繰上げ・繰下げの基本ルール…表面上の「損益分岐点」
年金は何歳から受け取るのが一番お得なのか? 老後資金のコンサルティング現場で、最も多く寄せられる相談のひとつです。2022年の制度改正により、受給開始時期を75歳まで遅らせることが可能となり、最大84%増額という数字が一人歩きしています。

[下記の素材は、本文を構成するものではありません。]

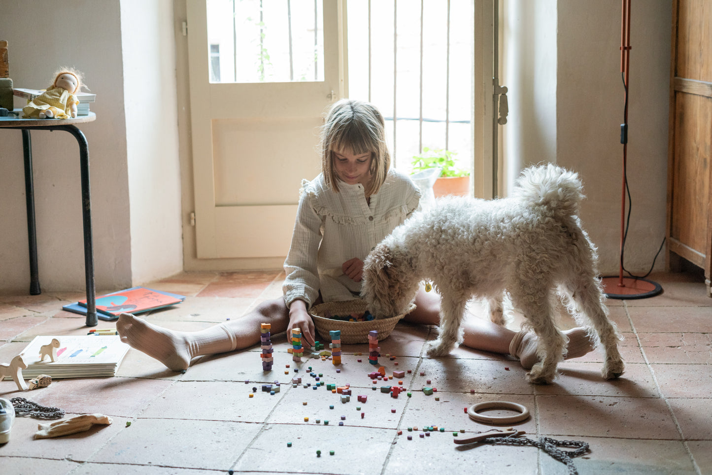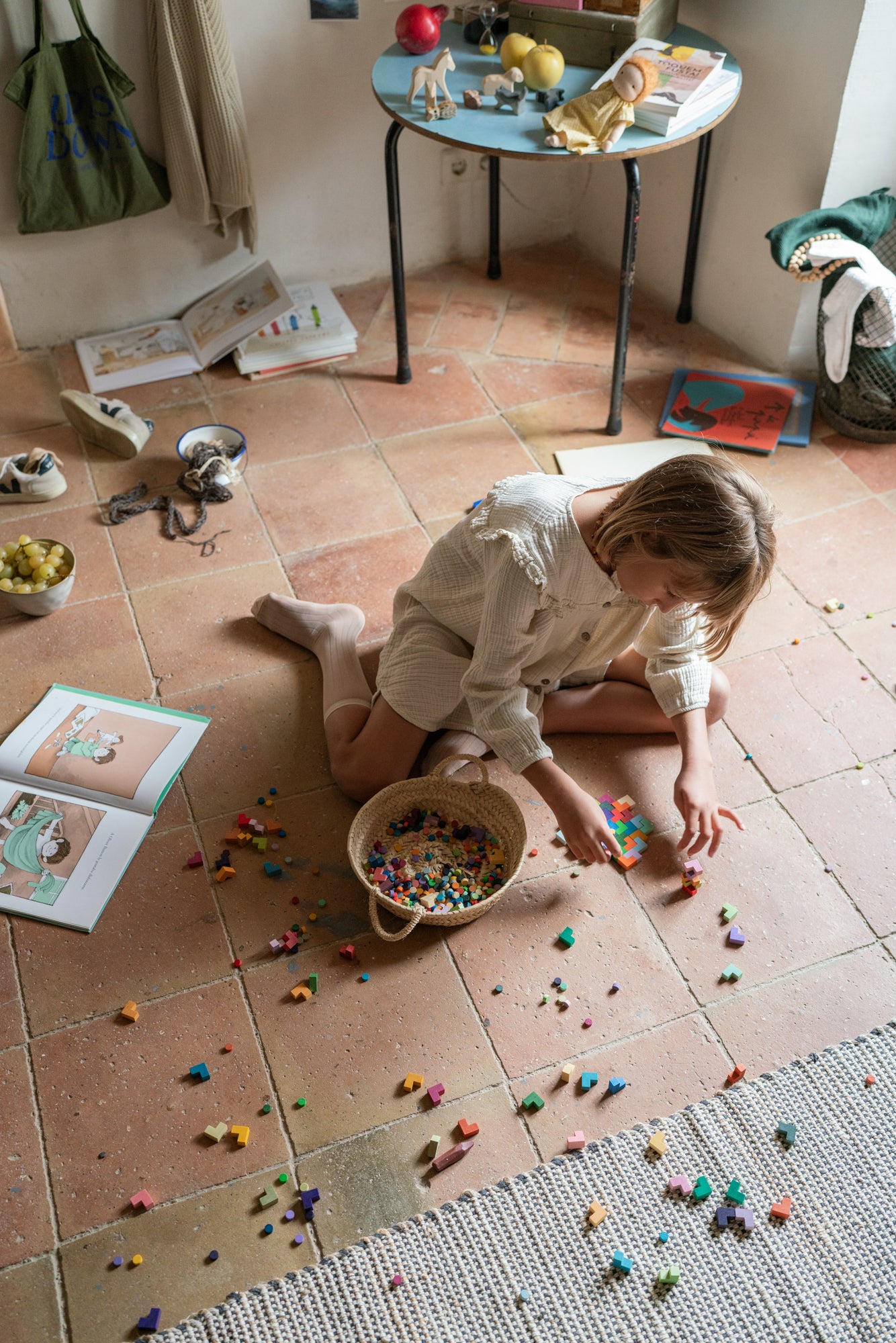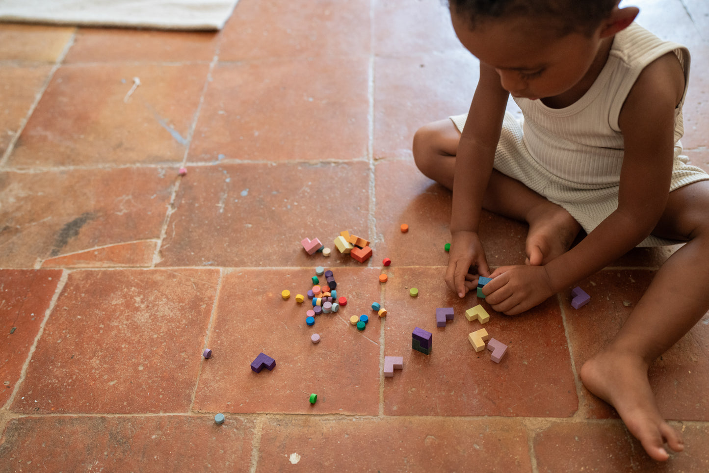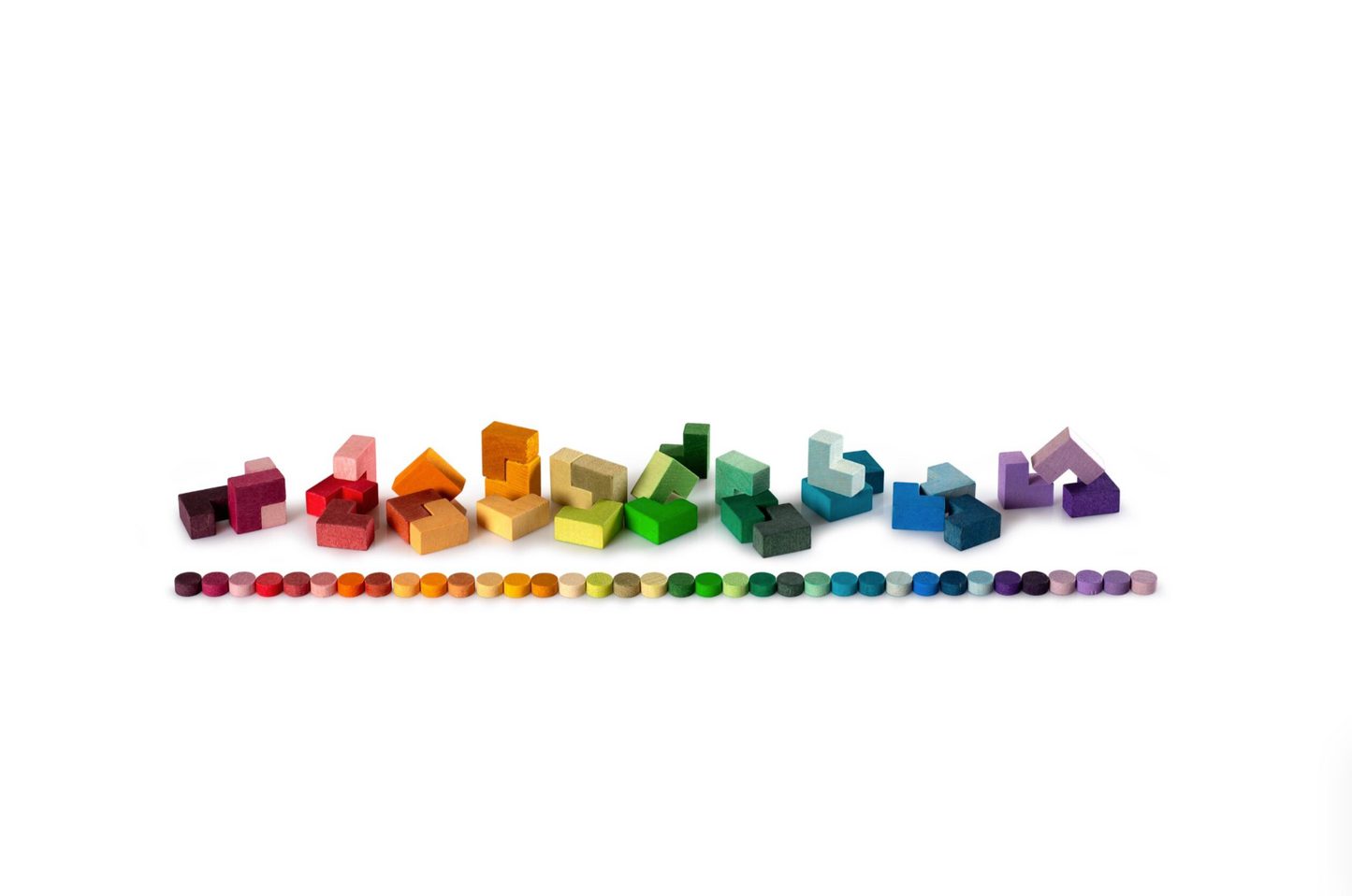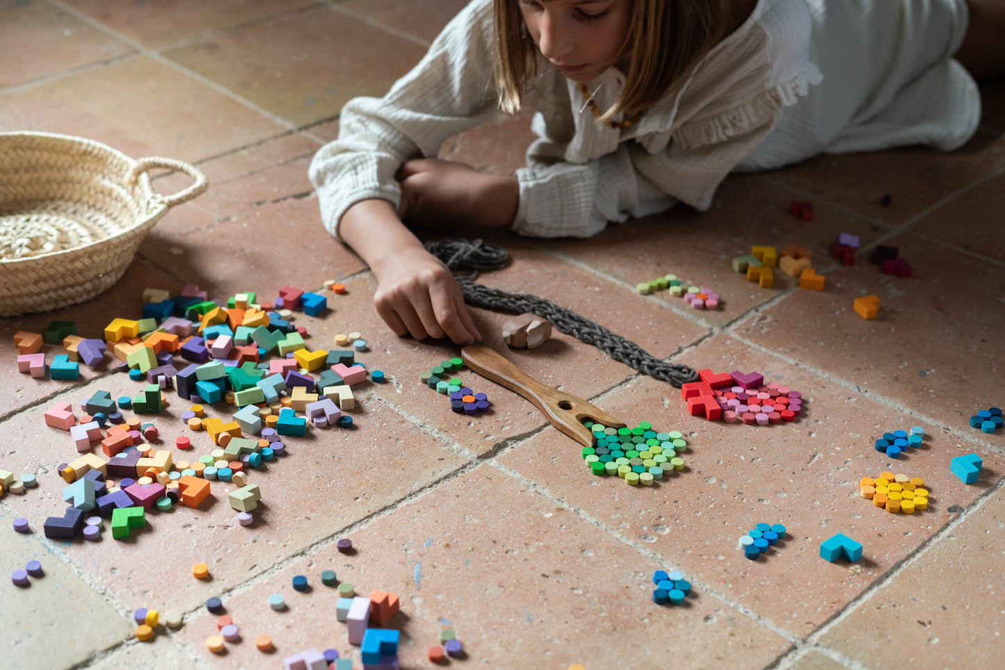 Bloom is a colourful collection of wooden dots and L Shaped wooden forms. It can be used to create freely, for mosaics or to experience geometrical concepts. It completes Grapat's “Mis & Match set”, by adding richness to your creations.

まず大前提として、日本の公的年金は65歳を基準に、1ヵ月単位で受給時期を前後させることができます。
●繰上げ受給(60歳〜64歳)
1ヵ月早めるごとに0.4%減額。60歳から受給すると最大24%減となり、この減額率は生涯固定されます。
●繰下げ受給(66歳〜75歳)
1ヵ月遅らせるごとに0.7%増額。70歳で42%増、75歳で84%増という驚異的な増額率となります。
単純な総受取額の比較では、70歳受給なら82歳、75歳受給なら86歳が、65歳受給を追い越す「損益分岐点」です。日本の平均寿命(男性81歳、女性87歳)を考えれば、繰下げは一見「勝算の高い賭け」に見えるでしょう。
「手取りの罠」とは?額面通りには増えない現実
しかし、実務の視点で見れば、この「損益分岐点」は数年後ろにずれます。なぜなら、日本の社会保障制度には「額面が増えるほど、負担額も増える」という構造があるからです。
税金・社会保険料の「累進」という壁
年金は雑所得であり、所得税や住民税の対象となります。さらに、国民健康保険料(または後期高齢者医療保険料)や介護保険料は年金所得に連動して決定されます。 たとえば、額面を42%増やしたとしても、増えた分だけ税率の階段を上り、保険料負担が重くなります。結果として、手取りベースでの増加率は30%程度に押し下げられるケースも珍しくありません。
家族手当「加給年金」の消失リスク
もう一つの盲点が、配偶者がいる場合に支給される「加給年金」や「振替加算」です。自身の年金を繰り下げている間、本来もらえるはずだった加給年金(年額約40万円など)が全額カットされる場合があります。この「もらい損ね」を考慮すると、繰下げのメリットを享受するには、さらに長生きが必要になるのです。